Quando arrivarono al cantiere all’estrema periferia della città, il sole era ancora basso. Avrebbe dovuto divenire una sorta di quartiere modello con edifici moderni e funzionali, negozi e strutture sportive ma questo sogno era stato interrotto dalla disonestà di qualcuno e ora i quattro avevano davanti a loro solo uno spazio quasi irreale: pilastri senza muri, ferri piegati, erba alta che aveva preso possesso di tutto e che nascondeva l’insidia di siringhe usate.

«Siamo arrivati, Sandro» disse Pietro come se potesse sentirlo. Scaricarono la bara e la portarono al centro, dove il cemento lasciava spazio alla terra. «Questo mi sembra il punto ideale» indicò Marta.

Si misero a lavorare alacremente, scavarono a turno. La terra era dura all’inizio, poi più cedevole. Il lavoro li fece sudare, sporcare, imprecare, rallentare i pensieri.

Quando la buca fu abbastanza profonda, si fermarono. Marta si chinò, appoggiando la mano sul legno «Così è meglio» disse. «Niente sceneggiate.» Calarono la bara dentro la fossa che avevano creato con grande fatica, utilizzando delle corde robuste come ognuno di loro aveva già visto fare nei funerali ufficiali. Pietro raccolse una manciata di terra e la lasciò cadere, poi disse: “la cerimonia funebre ce la facciamo da soli” Gli altri a turno lo imitarono.

Richiusero la fossa lentamente. Il suono della terra che cadeva copriva tutto il resto e quando finirono, sistemarono sopra un bel po’ di detriti: pezzi di cemento, ferri, erbacce e nessun segno visibile.

«E’ quasi ora della cerimonia, sarà una bella sorpresa per tutti, chissà cosa penseranno?» si chiese Rocco ad alta voce «Penseranno che è fuggito o che è sparito, forse per una magia» rispose Fulvio «E non sarà nemmeno una bugia.»

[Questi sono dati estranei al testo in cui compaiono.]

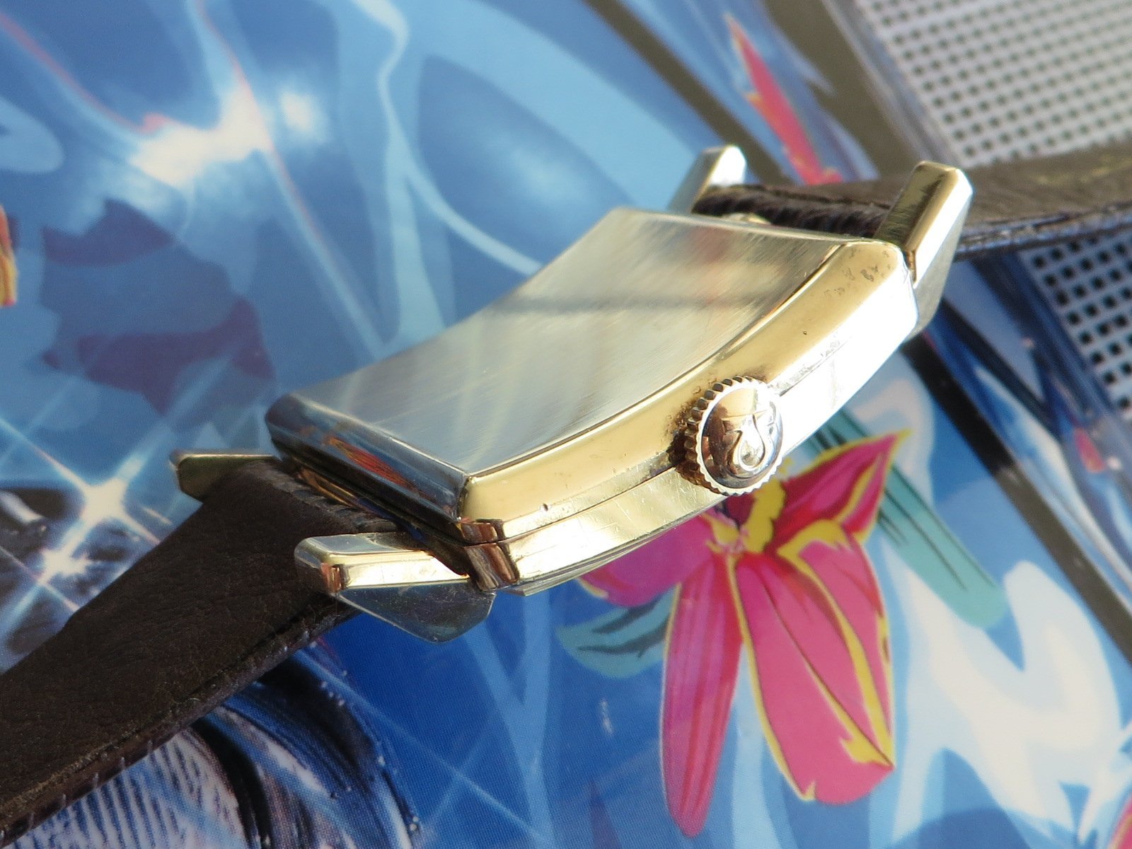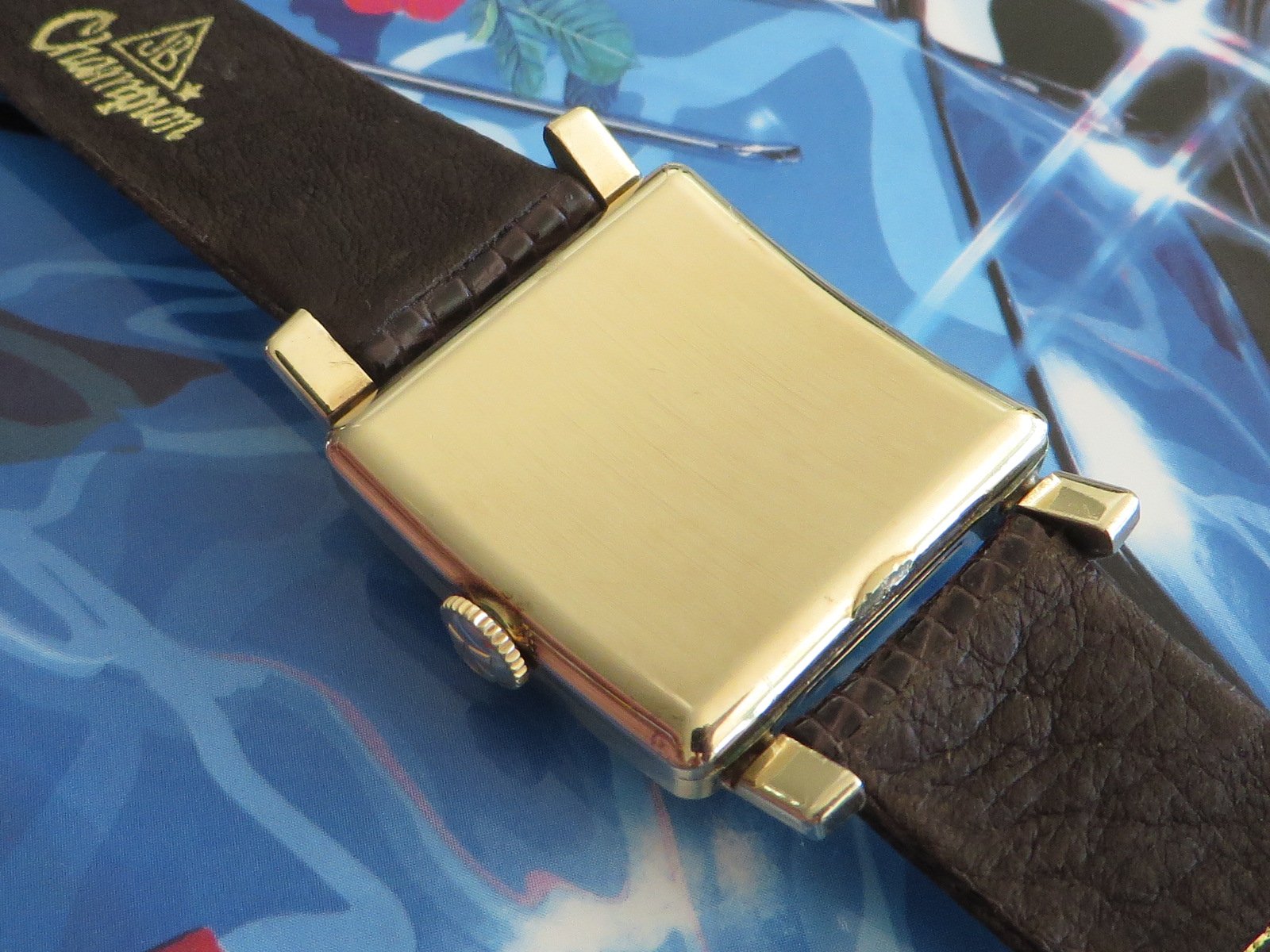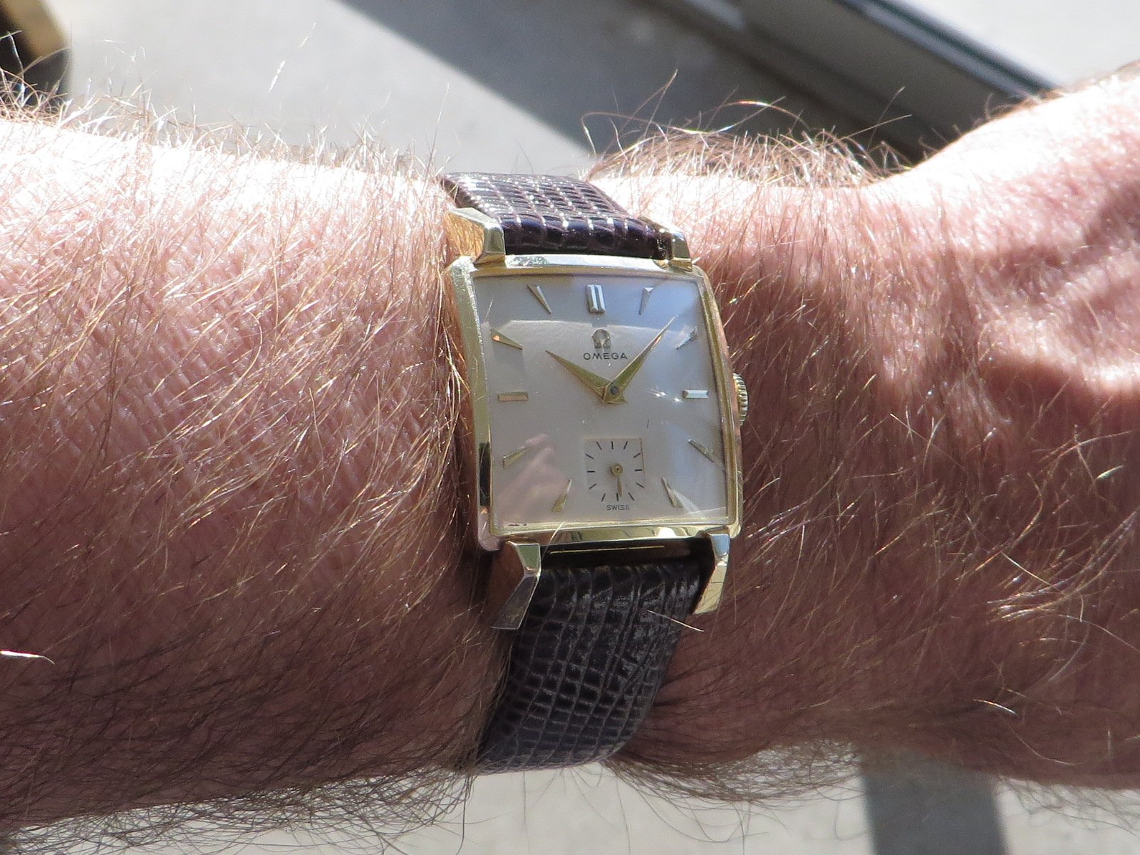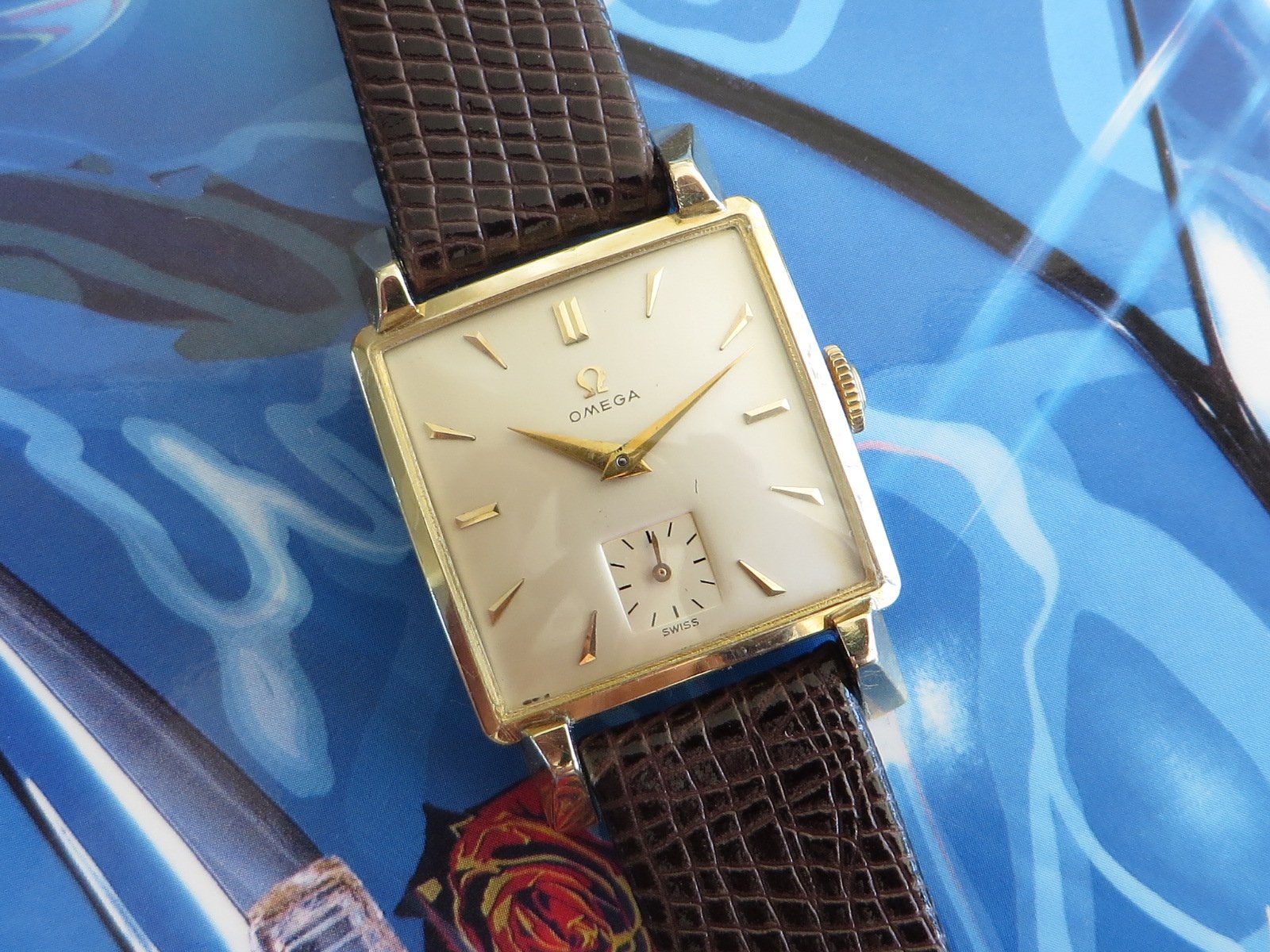 路路Vintage Omega AficionadoBeautiful reference N-6259 extra fancy curved back (think Gruen Curvex) 14K yellow gold-filled dress watch with double arched top and multi-faceted lugs. Nice crisp edges and the glass crystal is free of cracks or chips. Fitted with a vintage JB Champion lizard calf strap and includes the original red Omega box.

Marta si alzò e andò a sedersi nel furgone perché ormai era distrutta: aveva lavorato come gli altri e ora guardava il punto dove avevano spalato fino a poco prima che era ormai indistinguibile da quei resti frantumati di un sogno metropolitano.

Rimasero ancora un attimo, poi anche gli altri tre tornarono al furgone. Quando se ne andarono, il cantiere restò lì, come sempre: incompleto, dimenticato e sotto quella terra un uomo era finalmente arrivato a casa sua.